Sql-server – Will a nonclustered index with a unique column always address all queries filtering that column first

indexindex-tuningnonclustered-indexsql serversql-server-2008-r2

I have found large heap tables that are over-indexed and for example have multiple different nonclustered indexes with different columns, but some of those indexes have the (only one present) primary key column set as their first index column.

I made some investigation, played around with indexes and queries and made my conclusions that I would like to see confirmed by professionals to be sure.
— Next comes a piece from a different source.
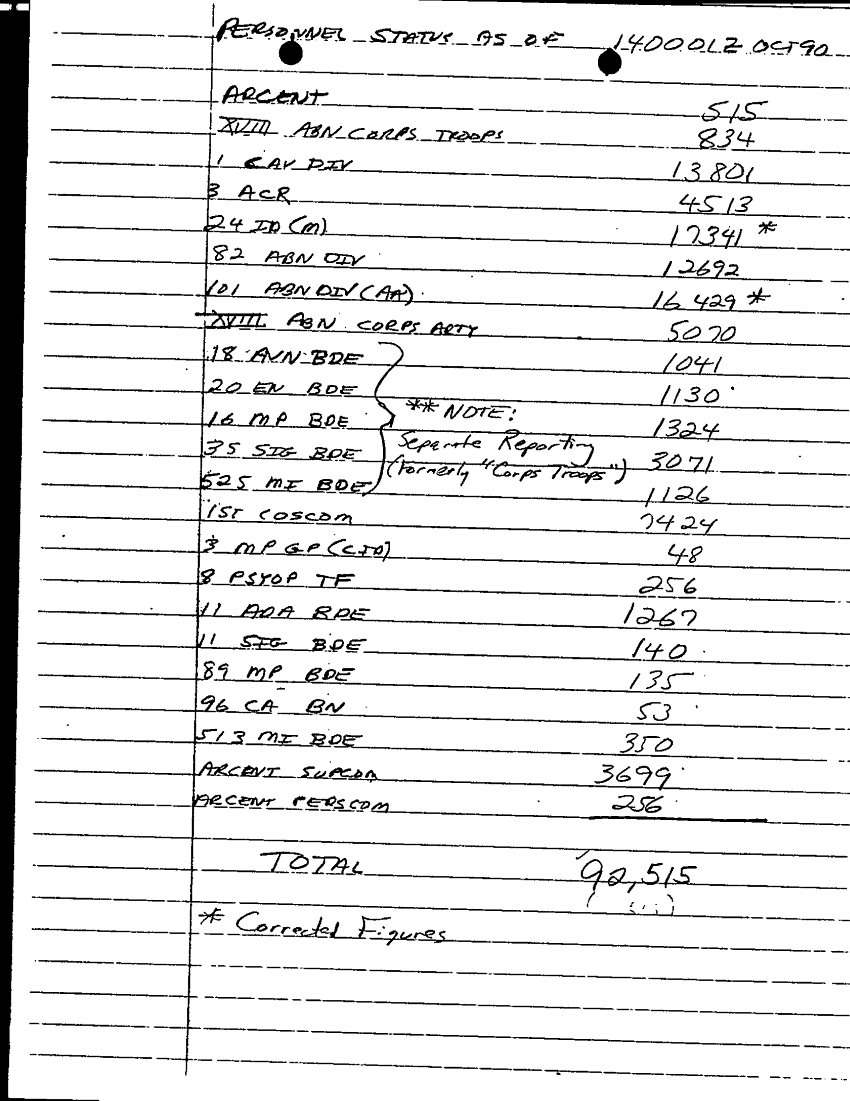Document 3 f:/Week-28/BX000411/COMMAND REPORTS - PERSTATS AUG-DEC 90 PART 1/personnel status report 14 oct 90:05099711371338

Question 1: Am I right to say it is nonsense to have multiple indexes based on the primary key instead of only ONE index based on the primary key column as the first and ONLY index column, because all queries using this pk for filtering or joining return only ONE row? (Assuming additional filtered, joined or selected columns are put into the index as included columns to entirely cover the queries and avoid RID lookups)

Question 2: Is it right to say that nonclustered indexes based on the primary key of a table should always be created as UNIQUE indexes? (a setting that is optional for whatever reason since sql server should already know that an index including the pk will be unique…)

Best Answer

  1. Yes, given the constraints in the question, particularly that the primary key column is the leading column in the indexes. Also assuming the primary key never changes.

  2. Not necessarily.

    The optimizer can indeed infer uniqueness without marking the nonclustered index unique.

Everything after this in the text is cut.